Für diese Dinge setzen wir uns ein, weil wir wissen: Das schafft neue Arbeitsplätze, das schafft Wertschöpfung in der Region, nicht nur an einer Stelle. Das ist das, was die Menschen von uns hören wollen, eine Perspektive, wie wir weitere Arbeitsplätze schaffen. Dafür setzen wir uns ein.

(Beifall bei CDU und FDP)

Hierbei ist es für uns selbstverständlich, dass wir die Menschen mitnehmen. Der Minister hat das deutlich gesagt. In diesem Haus ist es das zwanzigste Mal in den letzten zwei Legislaturperioden, dass wir über dieses Thema diskutieren. Die Kreistage, die Gemeindetage, alle Verantwortlichen vor Ort

gehen sehr bewusst mit dem Thema um, und es findet im Land eine hohe Zustimmung. Es findet sogar in Ostholstein eine hohe Zustimmung. Der Minister hat das in seinem Bericht deutlich gesagt.

Liebe Kolleginnen und Kollegen, Sie von der SPD, die ja gern schwankt, werden sich bei dieser Frage wahrscheinlich wieder enthalten. Bei den Grünen wissen wir, dass sie sowieso dagegen sind. Das ist ja nicht neu.
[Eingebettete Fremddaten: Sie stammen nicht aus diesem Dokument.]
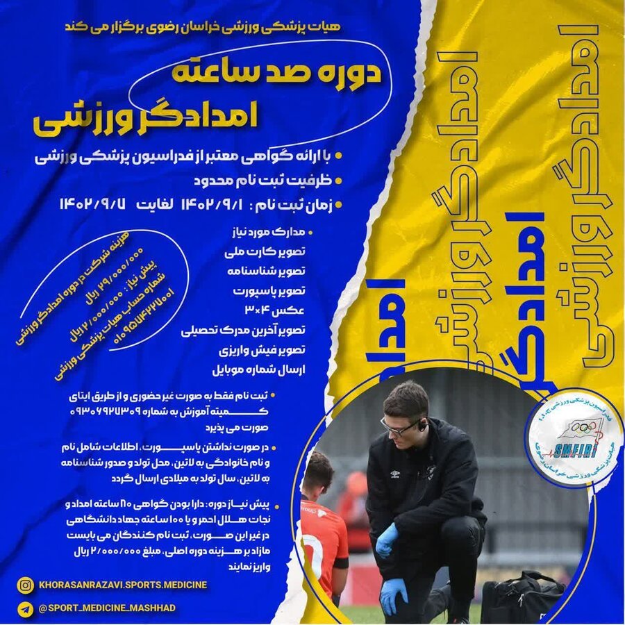 به گزارش دفتر استان خراسان رضوی پایگاه خبری تحلیلی پزشکی ورزشی ایران، ثبت نام دوره صد ساعته امدادگر ورزشی آغاز شد .

(Beifall bei BÜNDNIS 90/DIE GRÜNEN)

An alle anderen Verantwortlichen: Denken Sie daran, Sie tragen Verantwortung für die nächsten Generationen! Dies ist für die nächsten Generationen eine Chance. Nehmen Sie das Positive dieser Investitionen, nehmen Sie das Positive dieser Infrastrukturmaßnahmen, die einmalig sind, die die gleiche Bedeutung haben wie der Bau des Nord-Ostsee-Kanals vor 120 Jahren! Wenn Sie das verstanden haben, brauchen Sie die Leute nur noch zu unterstützen und ihnen nicht weiter Angst zu machen.